#### The problem
Take the data below and write it out exactly, except for the pictures.

#### Raw data
━━━━━━━━━━━━━━━━
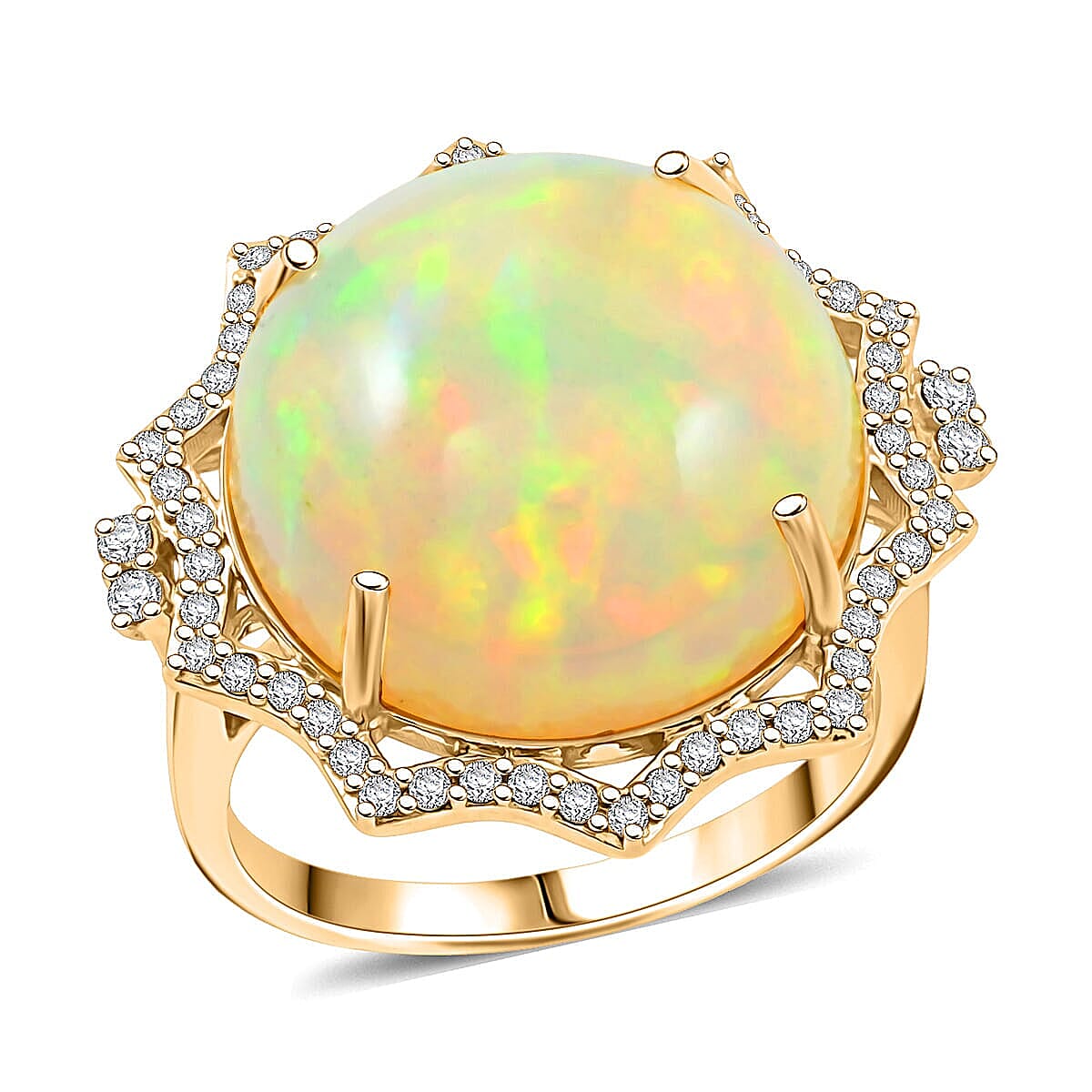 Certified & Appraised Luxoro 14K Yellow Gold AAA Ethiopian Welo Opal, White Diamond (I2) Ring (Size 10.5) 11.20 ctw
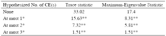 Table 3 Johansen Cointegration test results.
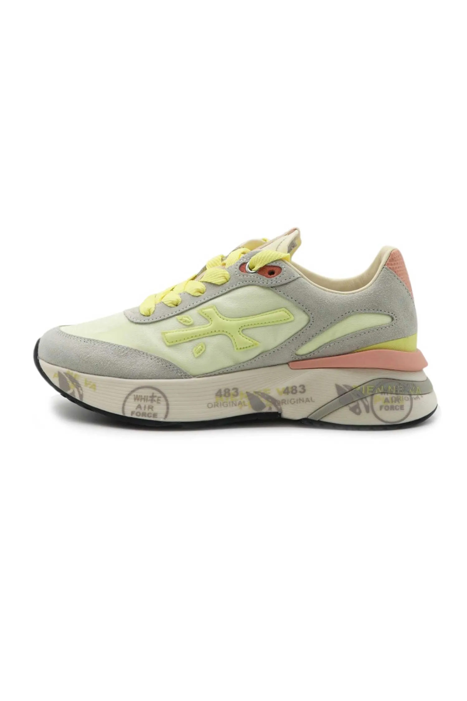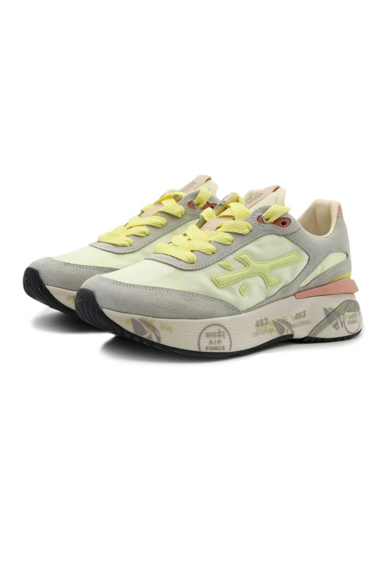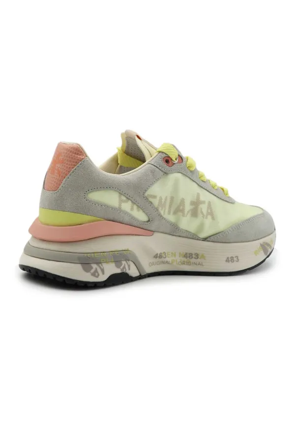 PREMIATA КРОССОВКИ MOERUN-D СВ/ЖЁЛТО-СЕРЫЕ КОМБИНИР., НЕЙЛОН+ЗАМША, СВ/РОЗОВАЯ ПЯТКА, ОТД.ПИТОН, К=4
━━━━━━━━━━━━━━━━
#### Reply to the exercise
 Certified & Appraised Luxoro 14K Yellow Gold AAA Ethiopian Welo Opal, White Diamond (I2) Ring (Size 10.5) 11.20 ctw
 Table 3 Johansen Cointegration test results.
 PREMIATA КРОССОВКИ MOERUN-D СВ/ЖЁЛТО-СЕРЫЕ КОМБИНИР., НЕЙЛОН+ЗАМША, СВ/РОЗОВАЯ ПЯТКА, ОТД.ПИТОН, К=4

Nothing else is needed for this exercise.